What the exercise asks >> Copy the lines of the entries exactly, from the opening one to the one holding "1R03-13-2形状又は効", and leave out everything after.
——
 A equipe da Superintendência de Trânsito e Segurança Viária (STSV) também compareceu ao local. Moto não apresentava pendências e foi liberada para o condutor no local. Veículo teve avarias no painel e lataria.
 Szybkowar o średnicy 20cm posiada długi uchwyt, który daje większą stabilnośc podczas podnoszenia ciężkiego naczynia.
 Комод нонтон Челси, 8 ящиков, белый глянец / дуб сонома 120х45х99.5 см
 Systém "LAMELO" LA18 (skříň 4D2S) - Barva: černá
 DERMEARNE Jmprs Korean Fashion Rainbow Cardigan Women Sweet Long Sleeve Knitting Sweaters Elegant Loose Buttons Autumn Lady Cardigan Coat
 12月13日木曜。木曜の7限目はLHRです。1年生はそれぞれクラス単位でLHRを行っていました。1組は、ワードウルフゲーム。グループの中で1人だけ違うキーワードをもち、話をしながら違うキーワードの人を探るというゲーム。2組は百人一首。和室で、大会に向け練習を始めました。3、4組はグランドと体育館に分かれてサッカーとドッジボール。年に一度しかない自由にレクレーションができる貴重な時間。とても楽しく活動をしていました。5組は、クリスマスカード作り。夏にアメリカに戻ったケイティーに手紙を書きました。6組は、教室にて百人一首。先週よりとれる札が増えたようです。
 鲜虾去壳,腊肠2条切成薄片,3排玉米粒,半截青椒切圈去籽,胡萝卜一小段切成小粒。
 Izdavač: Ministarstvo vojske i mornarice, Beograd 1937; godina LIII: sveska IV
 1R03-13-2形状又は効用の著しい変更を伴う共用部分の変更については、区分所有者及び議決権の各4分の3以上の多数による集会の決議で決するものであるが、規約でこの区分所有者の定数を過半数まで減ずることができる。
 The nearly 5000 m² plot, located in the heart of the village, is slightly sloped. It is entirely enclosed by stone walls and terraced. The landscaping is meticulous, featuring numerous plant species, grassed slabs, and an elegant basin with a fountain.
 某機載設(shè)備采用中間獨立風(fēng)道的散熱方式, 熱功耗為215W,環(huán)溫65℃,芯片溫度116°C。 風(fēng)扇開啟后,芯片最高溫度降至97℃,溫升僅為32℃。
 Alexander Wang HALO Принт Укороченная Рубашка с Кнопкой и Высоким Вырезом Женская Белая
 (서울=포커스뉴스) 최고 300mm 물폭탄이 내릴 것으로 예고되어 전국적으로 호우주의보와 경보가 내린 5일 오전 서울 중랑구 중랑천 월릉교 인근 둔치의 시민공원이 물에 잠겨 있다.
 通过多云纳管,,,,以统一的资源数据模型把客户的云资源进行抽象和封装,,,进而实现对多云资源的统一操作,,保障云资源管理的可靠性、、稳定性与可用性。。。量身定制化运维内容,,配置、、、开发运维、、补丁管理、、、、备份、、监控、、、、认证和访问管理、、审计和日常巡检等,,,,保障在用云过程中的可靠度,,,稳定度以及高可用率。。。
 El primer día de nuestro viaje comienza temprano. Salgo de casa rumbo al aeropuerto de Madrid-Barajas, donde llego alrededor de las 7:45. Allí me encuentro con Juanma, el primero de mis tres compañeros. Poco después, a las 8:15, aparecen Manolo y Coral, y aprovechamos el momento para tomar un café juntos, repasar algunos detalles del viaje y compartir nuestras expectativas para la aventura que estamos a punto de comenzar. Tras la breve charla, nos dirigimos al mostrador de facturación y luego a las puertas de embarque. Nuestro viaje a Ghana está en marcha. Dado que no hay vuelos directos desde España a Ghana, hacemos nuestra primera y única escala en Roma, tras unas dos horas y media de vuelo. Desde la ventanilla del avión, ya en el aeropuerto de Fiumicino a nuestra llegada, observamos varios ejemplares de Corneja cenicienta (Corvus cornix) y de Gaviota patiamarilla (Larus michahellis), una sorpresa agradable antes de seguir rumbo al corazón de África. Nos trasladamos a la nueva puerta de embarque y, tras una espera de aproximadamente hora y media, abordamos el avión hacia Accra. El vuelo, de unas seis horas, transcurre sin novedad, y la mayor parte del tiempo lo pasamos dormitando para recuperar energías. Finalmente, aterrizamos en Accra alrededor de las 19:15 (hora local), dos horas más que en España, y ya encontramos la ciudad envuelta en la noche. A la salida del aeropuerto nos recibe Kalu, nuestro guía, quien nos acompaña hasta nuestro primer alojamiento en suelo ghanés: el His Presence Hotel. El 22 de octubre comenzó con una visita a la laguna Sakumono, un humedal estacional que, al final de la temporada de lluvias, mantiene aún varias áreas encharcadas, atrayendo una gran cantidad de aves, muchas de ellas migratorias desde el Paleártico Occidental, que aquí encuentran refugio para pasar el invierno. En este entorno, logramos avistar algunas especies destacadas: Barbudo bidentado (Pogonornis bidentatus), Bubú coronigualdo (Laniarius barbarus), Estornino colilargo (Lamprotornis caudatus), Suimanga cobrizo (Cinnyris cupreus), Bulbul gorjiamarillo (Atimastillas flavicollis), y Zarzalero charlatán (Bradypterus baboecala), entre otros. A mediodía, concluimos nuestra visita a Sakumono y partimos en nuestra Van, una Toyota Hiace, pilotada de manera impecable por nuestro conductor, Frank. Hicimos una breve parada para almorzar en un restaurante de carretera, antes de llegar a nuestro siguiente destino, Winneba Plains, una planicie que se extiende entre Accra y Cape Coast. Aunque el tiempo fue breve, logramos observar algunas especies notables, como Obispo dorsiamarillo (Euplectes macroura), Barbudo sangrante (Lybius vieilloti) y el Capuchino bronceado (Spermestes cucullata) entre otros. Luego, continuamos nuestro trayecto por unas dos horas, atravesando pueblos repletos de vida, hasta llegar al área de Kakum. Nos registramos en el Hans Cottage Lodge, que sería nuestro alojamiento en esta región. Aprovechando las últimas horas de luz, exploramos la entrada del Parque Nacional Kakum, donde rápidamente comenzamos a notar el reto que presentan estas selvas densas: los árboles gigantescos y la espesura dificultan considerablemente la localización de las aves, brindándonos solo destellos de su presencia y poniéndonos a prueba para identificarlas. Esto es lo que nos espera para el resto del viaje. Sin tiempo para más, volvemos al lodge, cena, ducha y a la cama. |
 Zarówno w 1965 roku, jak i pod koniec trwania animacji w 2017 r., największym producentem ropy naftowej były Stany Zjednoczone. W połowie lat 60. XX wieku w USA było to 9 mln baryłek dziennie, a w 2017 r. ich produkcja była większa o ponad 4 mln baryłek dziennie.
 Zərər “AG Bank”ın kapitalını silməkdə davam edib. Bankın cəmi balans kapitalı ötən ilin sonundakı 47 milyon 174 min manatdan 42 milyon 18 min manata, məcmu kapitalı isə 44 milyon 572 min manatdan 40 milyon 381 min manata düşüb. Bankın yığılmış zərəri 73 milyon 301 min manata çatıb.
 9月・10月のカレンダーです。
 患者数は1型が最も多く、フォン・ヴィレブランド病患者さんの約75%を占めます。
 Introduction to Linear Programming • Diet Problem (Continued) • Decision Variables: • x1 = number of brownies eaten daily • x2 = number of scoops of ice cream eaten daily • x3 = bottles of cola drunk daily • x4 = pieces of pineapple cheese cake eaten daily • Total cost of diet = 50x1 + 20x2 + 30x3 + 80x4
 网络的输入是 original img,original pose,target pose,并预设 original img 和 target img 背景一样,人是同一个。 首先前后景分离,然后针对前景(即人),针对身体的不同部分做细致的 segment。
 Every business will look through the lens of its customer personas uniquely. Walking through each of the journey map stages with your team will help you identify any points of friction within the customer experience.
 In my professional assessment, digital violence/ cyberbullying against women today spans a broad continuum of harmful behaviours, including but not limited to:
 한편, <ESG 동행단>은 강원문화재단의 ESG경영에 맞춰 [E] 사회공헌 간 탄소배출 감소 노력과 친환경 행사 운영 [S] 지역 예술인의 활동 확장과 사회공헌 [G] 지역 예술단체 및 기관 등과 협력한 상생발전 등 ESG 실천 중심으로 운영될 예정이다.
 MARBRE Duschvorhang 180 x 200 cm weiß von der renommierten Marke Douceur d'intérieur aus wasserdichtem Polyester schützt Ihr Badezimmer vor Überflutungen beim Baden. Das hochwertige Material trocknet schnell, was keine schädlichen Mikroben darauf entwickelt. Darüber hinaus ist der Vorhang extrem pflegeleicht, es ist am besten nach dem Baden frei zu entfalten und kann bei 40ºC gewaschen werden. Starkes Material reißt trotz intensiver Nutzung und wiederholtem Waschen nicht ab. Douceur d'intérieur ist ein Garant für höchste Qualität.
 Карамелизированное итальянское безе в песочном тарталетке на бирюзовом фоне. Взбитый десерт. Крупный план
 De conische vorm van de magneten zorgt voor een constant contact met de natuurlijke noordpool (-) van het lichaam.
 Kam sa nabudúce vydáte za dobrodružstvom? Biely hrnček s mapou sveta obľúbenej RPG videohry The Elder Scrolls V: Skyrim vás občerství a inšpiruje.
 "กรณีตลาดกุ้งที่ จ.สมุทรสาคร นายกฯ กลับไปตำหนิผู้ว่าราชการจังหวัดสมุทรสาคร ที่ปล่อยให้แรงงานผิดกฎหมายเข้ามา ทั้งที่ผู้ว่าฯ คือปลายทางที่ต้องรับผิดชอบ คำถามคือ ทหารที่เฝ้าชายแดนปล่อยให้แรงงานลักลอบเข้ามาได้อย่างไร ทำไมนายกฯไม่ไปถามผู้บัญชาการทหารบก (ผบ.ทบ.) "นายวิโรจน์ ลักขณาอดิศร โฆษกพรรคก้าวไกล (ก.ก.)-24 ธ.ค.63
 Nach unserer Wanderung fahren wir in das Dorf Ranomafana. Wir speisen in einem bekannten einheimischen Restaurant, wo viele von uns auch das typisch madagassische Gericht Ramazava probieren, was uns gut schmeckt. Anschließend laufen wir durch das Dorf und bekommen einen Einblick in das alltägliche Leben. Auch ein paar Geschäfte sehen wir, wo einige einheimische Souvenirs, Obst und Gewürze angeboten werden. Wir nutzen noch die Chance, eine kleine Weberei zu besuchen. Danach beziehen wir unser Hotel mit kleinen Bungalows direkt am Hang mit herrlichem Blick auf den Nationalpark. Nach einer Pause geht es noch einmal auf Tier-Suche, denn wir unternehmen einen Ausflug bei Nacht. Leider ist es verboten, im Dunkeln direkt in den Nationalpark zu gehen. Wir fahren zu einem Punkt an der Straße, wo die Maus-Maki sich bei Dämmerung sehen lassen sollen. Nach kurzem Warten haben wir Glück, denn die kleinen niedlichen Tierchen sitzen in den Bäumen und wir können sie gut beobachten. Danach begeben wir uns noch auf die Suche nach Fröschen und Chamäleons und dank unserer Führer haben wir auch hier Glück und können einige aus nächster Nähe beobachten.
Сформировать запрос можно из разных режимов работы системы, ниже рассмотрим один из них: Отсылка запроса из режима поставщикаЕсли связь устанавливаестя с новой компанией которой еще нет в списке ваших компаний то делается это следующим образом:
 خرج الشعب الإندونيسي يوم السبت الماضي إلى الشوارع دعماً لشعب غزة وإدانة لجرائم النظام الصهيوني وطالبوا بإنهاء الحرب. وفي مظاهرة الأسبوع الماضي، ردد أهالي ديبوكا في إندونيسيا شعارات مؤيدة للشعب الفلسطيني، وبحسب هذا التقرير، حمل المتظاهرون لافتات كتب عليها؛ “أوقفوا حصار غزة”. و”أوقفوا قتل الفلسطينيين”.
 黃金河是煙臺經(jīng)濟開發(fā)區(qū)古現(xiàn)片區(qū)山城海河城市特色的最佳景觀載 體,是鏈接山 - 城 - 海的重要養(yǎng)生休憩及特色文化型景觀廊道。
——
Task output >>
 A equipe da Superintendência de Trânsito e Segurança Viária (STSV) também compareceu ao local. Moto não apresentava pendências e foi liberada para o condutor no local. Veículo teve avarias no painel e lataria.
 Szybkowar o średnicy 20cm posiada długi uchwyt, który daje większą stabilnośc podczas podnoszenia ciężkiego naczynia.
 Комод нонтон Челси, 8 ящиков, белый глянец / дуб сонома 120х45х99.5 см
 Systém "LAMELO" LA18 (skříň 4D2S) - Barva: černá
 DERMEARNE Jmprs Korean Fashion Rainbow Cardigan Women Sweet Long Sleeve Knitting Sweaters Elegant Loose Buttons Autumn Lady Cardigan Coat
 12月13日木曜。木曜の7限目はLHRです。1年生はそれぞれクラス単位でLHRを行っていました。1組は、ワードウルフゲーム。グループの中で1人だけ違うキーワードをもち、話をしながら違うキーワードの人を探るというゲーム。2組は百人一首。和室で、大会に向け練習を始めました。3、4組はグランドと体育館に分かれてサッカーとドッジボール。年に一度しかない自由にレクレーションができる貴重な時間。とても楽しく活動をしていました。5組は、クリスマスカード作り。夏にアメリカに戻ったケイティーに手紙を書きました。6組は、教室にて百人一首。先週よりとれる札が増えたようです。
 鲜虾去壳,腊肠2条切成薄片,3排玉米粒,半截青椒切圈去籽,胡萝卜一小段切成小粒。
 Izdavač: Ministarstvo vojske i mornarice, Beograd 1937; godina LIII: sveska IV
 1R03-13-2形状又は効用の著しい変更を伴う共用部分の変更については、区分所有者及び議決権の各4分の3以上の多数による集会の決議で決するものであるが、規約でこの区分所有者の定数を過半数まで減ずることができる。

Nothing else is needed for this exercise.